Charles Sumner: his complete works, volume 08 (of 20)
Part 4
If this transaction be regarded exclusively in the light of British precedents, if we follow the seeming authority of the British Admiralty, speaking by its greatest voice, and especially if we accept the oft repeated example of British cruisers, upheld by the British Government against the oft repeated protests of the United States, we find little difficulty in vindicating it. The act becomes questionable only when brought to the touchstone of those liberal principles which from the earliest times the American Government has openly avowed and sought to advance, and other European nations have accepted with regard to the sea. Great Britain cannot complain, except by adopting those identical principles; and should we undertake to vindicate the act, it can be only by repudiating those identical principles. Our two cases will be reversed. In the struggle between Laertes and Hamlet, the combatants exchanged rapiers, so that Hamlet was armed with the rapier of Laertes, and Laertes with the rapier of Hamlet. And now, on this sensitive question, a similar exchange occurs. Great Britain is armed with American principles, while to us are left only those British pretensions which throughout our history have been constantly, deliberately, and solemnly rejected.

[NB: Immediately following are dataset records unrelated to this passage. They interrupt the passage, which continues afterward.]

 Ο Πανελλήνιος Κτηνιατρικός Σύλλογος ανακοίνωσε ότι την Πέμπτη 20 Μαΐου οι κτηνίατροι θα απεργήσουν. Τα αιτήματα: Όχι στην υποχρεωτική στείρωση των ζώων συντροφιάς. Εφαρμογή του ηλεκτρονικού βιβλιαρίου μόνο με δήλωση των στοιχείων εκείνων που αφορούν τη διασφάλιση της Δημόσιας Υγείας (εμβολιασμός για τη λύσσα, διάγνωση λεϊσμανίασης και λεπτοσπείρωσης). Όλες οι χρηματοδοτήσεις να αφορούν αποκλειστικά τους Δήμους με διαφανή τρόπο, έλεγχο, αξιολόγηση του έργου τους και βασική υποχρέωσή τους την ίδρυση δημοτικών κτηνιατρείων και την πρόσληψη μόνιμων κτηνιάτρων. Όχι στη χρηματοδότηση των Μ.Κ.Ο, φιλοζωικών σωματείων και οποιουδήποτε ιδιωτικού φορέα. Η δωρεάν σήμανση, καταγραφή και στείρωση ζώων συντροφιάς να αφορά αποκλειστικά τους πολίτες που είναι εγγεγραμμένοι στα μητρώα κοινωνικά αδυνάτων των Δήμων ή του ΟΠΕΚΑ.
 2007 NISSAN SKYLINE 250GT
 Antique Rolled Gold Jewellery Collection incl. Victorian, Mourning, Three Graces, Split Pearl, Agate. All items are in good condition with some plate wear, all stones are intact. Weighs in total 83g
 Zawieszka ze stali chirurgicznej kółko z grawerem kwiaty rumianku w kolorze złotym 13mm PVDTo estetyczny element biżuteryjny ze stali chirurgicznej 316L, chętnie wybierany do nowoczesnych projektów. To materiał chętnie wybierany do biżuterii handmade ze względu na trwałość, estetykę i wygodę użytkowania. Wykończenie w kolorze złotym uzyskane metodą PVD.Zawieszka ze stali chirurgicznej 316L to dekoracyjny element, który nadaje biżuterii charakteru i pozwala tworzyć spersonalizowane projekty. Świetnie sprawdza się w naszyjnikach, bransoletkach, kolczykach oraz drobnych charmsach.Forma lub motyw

Earl Russell, in his despatch to Lord Lyons, communicated to Mr. Seward, contents himself by saying that “it appears that certain individuals have been forcibly taken from on board a British vessel, the ship of a neutral power, _while such vessel was pursuing a lawful and innocent voyage_,--an act of violence which was an affront to the British flag, and a violation of International Law.”[33] Here is positive assertion that the ship, notoriously having on board the Rebel emissaries, was pursuing a lawful and innocent voyage; but there is no specification of the precise ground on which the act is regarded as a violation of International Law. Of course, it is not an affront; for an accident can never be an affront to an individual or to a nation.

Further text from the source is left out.